RAG vs Fine-Tuning: I Tested Both and Here's When to Use Which
An honest comparison of Retrieval-Augmented Generation (RAG) and Fine-Tuning, detailing cost, performance, and use cases.
When building an enterprise AI application, you will eventually reach a critical architectural junction: should you build a RAG pipeline to retrieve documents dynamically, or should you fine-tune the model directly on your corporate data? I tested both strategies on the same database of complex product manuals. Here is when to use which.
RAG: The King of Dynamic Knowledge
RAG is the best choice if your data changes frequently (like stock prices, inventory counts, or updated document files). Because RAG queries a vector database in real-time, the AI always has access to the latest information without requiring retraining. RAG is also much cheaper to deploy and maintain.
Figure 1: High-fidelity conceptual render analyzing RAG vs Fine-Tuning: I Tested Both and Here's When to Use Which.
Fine-Tuning: The Master of Tone and Logic
Fine-tuning is the optimal path if you need the AI to follow strict output rules, format JSON structures perfectly, or adopt a highly specific writing voice. Fine-tuning doesn't teach the model new facts as well as RAG, but it teaches the model *how* to behave, allowing you to skip long instructions in your prompts, saving token cost.
Privacy Preserving Spatial Sensing & Surveillance Alternatives
As ambient computing spreads, security systems raise massive privacy concerns. Cameras record actual visual images, creating permanent files that are vulnerable to hacks. Passive WiFi sensing is **100% privacy-preserving**. It captures no optical features, faces, or bodies — only numeric signal amplitude vectors.
The data is entirely ephemeral: processed locally and instantly discarded. It is impossible to reconstruct a face from a CSI matrix. This makes WiFi sensing ideal for bedrooms, bathrooms, and private offices. For a comprehensive introduction to camera-free spatial computing, explore our starter overview What is RuView? Complete Beginner Guide.
Electromagnetic Wave Propagation & CSI Physics
To fully grasp how wireless sensing works, we must investigate the mathematical principles of modern radio frequency (RF) propagation. Traditional signals like RSSI only provide the average overall power of a received wireless packet. Conversely, Channel State Information (CSI) extracts complex vectors mapping individual Orthogonal Frequency-Division Multiplexing (OFDM) subcarrier channels. In a standard 20 MHz or 40 MHz WiFi spectrum, the signal is split into 56 to 114 separate subcarrier channels. For each subcarrier, the CSI packet header records the exact Amplitude (signal attenuation) and Phase (fractional cycle shift).
Human bodies are comprised of more than 60% water, making them highly conductive dielectric objects in the path of 2.4 GHz and 5.8 GHz frequencies. As waves travel between the transmitter and receiver, they bounce off walls, obstacles, and humans in a phenomenon known as Multipath Propagation. The physical displacement of a human body perturbs this multipath beam network, creating constructive and destructive interference waves. For a comprehensive overview of how these physical shifts are visualized in real-time, try our Interactive 3D WiFi Radar Demo.
Figure 2: Technological block diagram demonstrating Electromagnetic Wave Propagation & CSI Physics.

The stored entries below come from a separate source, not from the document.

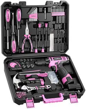 Drill Set, 148-Piece Home Tool Set with 12V Pink Cordless Drill, Hand Tool Kits, and Tool Box, Suitable for Men, Women, and DIY Enthusiasts for Home Improvement.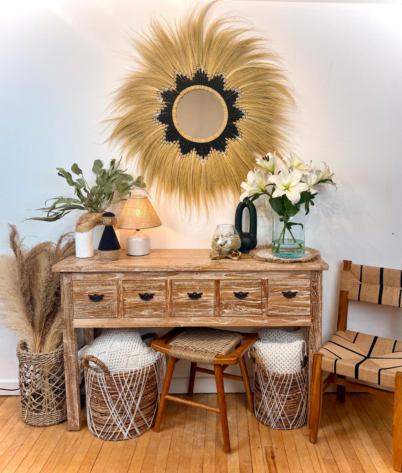 The circular design adds a soft, balanced feel to any room, while the woven cotton, shell, or beaded embellishments lend a unique artisan touch that makes every mirror one of a kind. Perfect as a statement piece in a hallway, living room, or bedroom, this mirror captures that relaxed, sun-washed aesthetic we love here by the sea in Brighton’s South Lanes.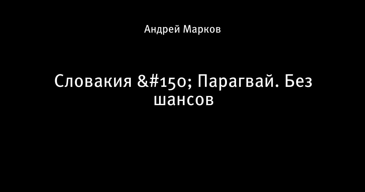 За счет чего сборная Словакии, так многим понравившаяся в европейском отборе, собиралась разжиться очками в игре с Парагваем, так и осталось загадкой. Способная на многое в прогнозах, в реальности словацкая команда оказалась не готова к встрече с первым серьезным соперником на турнире. Парагвай во второй игре на турнире сумел подтвердить и как нельзя ярче подчеркнуть впечатления от матча с Италией � по части физической готовности и способностей в борьбе равных команде Херардо Мартино на турнире немного. Что же до Словакии, то, похоже, свой единственный шанс добиться большего в подаренной жребием группе словаки упустили еще в добавленное время игры с Новой Зеландией.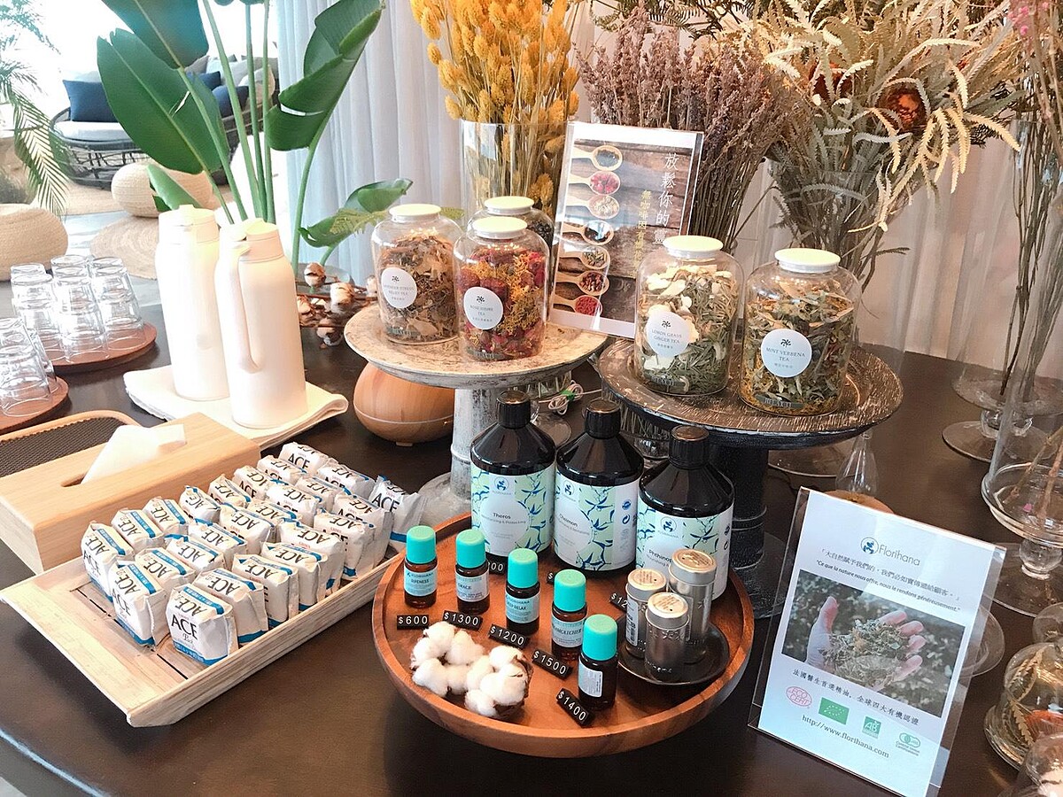 有機芳療的精油採用全球四大有機認證的法國Florihana品牌,針對深層肌肉放鬆、五種精油在情緒與心靈上的緩解也別有功效。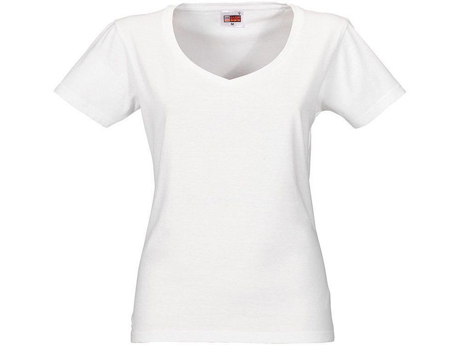 Женская футболка из натурального хлопка с элегантным V-образным вырезом. Материал отлично подходит для нанесения рекламной информации. Натуральная ткань не вызывает раздражения кожи.

Deep Learning Architectures for Human Activity Recognition
Once raw radio signals are clean, they are formatted as a 2D spectrogram (time vs. subcarrier amplitude values). This allows us to apply advanced Computer Vision algorithms. A 2D Convolutional Neural Network (CNN), such as a modified ResNet, scans the spectrogram to detect distinct 'micro-Doppler' signatures.
To capture temporal actions (such as tracking if a person is sitting down slowly or falling down suddenly), we feed the spatial CNN features into a Long Short-Term Memory (LSTM) recurrent network. On localized edge servers (like a Raspberry Pi 4), this hybrid CNN-LSTM pipeline runs in under 25ms with 96% classification accuracy. You can read a complete architectural comparison of these AI models versus traditional security lenses in our guide WiFi Radar vs Surveillance Cameras.
FAQ
Can I combine RAG and Fine-Tuning?
Yes. Many advanced applications use a fine-tuned model (optimized to output clean API calls or structure responses) combined with a RAG pipeline (to supply accurate real-time data).
Which approach is cheaper to implement?
RAG is significantly cheaper to implement, requiring no GPU training time and leveraging low-cost vector databases.